I waited a further week, during which the puzzle enlarged itself. By this time we should have reached a depth of one thousand miles, and be learning the extent of our ability to survive under extreme pressure. In fact, we had clocked a thousand vertical miles; but our approach to the core had still not advanced. We seemed to be advancing along the line of a paradox, where no matter how fast we run, the finishing line never comes nearer.
The knowledge of it was both frustrating and depressing. It was now no longer possible to treat it as an intellectual puzzle.
We had found no more cities, and no further attacks had been made on us, but we took care not to repeat our previous mistake. The scanners operated continuously, and showed various dim flickers of polarisation in the distance. I spent hours gazing at the screen. Occasionally, a vast shape drifted by on the edge of scanner range, and transient forms whose nature we could not guess appeared.
After thirteen days of travel, Captain Joule called the officers to his cabin.
Impassively, he faced them in his bucket seat, and allowed them to fall quiet, cramped and sweating, before speaking.
“Gentlemen,” he said, “I wish to review our position. Ross will tell you the situation.”
Briefly, I explained about the mass-meter readings, and the uniformity of pressure we had found at all depths of the mantle. We were driving the ship into a discrepancy between instrument readings. The further we went, the greater the discrepancy became.
“Apart from common sense,” I finished, “there is nothing to indicate that we have gone one inch towards fulfilling our aim of reaching the Earth’s core.”
“Then are we at a standstill?”
“From one angle, it looks like it,” I conceded, “but I don’t think so. We are still expending energy. The propulsors are working perfectly, and this can only result in motion. We must be going somewhere, and in fact you only have to look at the detector screens to see that we are actually in motion.”
“And getting nowhere,” Joule put in. “As far as the Navy is concerned, the purpose of this dive is to get back to base, which we do not seem to be achieving.”
“Are you suggesting that we turn back?”
“It has been in my mind. There may be no obstacle in our way now.”

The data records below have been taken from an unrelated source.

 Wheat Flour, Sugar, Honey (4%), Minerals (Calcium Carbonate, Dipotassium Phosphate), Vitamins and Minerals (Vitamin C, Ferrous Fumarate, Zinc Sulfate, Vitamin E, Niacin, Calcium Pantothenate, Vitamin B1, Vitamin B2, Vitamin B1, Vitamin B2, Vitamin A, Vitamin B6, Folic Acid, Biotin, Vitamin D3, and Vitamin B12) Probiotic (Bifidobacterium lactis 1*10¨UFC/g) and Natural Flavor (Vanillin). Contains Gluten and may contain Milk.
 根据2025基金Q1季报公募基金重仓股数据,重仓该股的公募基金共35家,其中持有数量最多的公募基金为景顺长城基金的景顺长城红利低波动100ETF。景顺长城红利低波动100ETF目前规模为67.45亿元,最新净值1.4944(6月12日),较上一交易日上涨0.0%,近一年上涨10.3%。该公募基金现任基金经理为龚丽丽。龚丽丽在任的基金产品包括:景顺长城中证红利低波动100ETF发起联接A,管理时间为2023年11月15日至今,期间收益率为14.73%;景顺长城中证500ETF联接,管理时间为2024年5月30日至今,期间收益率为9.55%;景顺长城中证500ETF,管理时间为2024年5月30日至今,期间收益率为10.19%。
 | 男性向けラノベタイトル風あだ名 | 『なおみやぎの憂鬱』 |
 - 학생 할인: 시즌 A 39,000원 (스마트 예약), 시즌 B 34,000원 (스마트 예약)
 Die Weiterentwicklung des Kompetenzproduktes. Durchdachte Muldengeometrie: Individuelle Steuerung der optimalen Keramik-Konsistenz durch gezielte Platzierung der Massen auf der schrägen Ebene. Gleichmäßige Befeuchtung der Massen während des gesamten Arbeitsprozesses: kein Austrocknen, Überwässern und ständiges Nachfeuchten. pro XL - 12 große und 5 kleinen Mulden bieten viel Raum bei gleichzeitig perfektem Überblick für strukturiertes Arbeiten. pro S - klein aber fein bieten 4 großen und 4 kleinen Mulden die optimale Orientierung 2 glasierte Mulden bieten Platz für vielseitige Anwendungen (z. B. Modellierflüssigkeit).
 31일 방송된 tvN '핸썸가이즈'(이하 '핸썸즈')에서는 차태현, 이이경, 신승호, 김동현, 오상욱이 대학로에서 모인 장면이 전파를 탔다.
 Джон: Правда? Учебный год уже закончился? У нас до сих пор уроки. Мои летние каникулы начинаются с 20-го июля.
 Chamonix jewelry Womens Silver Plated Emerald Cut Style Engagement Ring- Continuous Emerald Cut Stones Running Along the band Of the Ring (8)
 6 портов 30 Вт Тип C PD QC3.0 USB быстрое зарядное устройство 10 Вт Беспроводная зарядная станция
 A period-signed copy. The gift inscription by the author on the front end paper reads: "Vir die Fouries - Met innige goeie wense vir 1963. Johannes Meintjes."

My heart sank at the words. Our discoveries had intrigued me enough to want desperately to continue, and the danger, and the strangeness we had encountered, only gave me an overpowering urge to journey further.
I knew Captain Joule secretly agreed with my attitude, for he is one of the best of men, the finest of officers. There are some who find blame with our generation, saying that it has become ultraconservative and rigid; but I claim that this is no fault, only an inevitable era of civilisation. The spirit of our nation was never stronger than it is now. We are producing great men, fabulous engineers. Captain Joule knew the tacit dictum of our engineers—never to know fear, never to draw back—but he had a duty to his command, which I, though it saddens me now to confess it, did not feel.
“Why turn back?” I asked intensely. “We must carry on! The puzzle will resolve itself—and anything we encounter in the Earth, we will deal with!”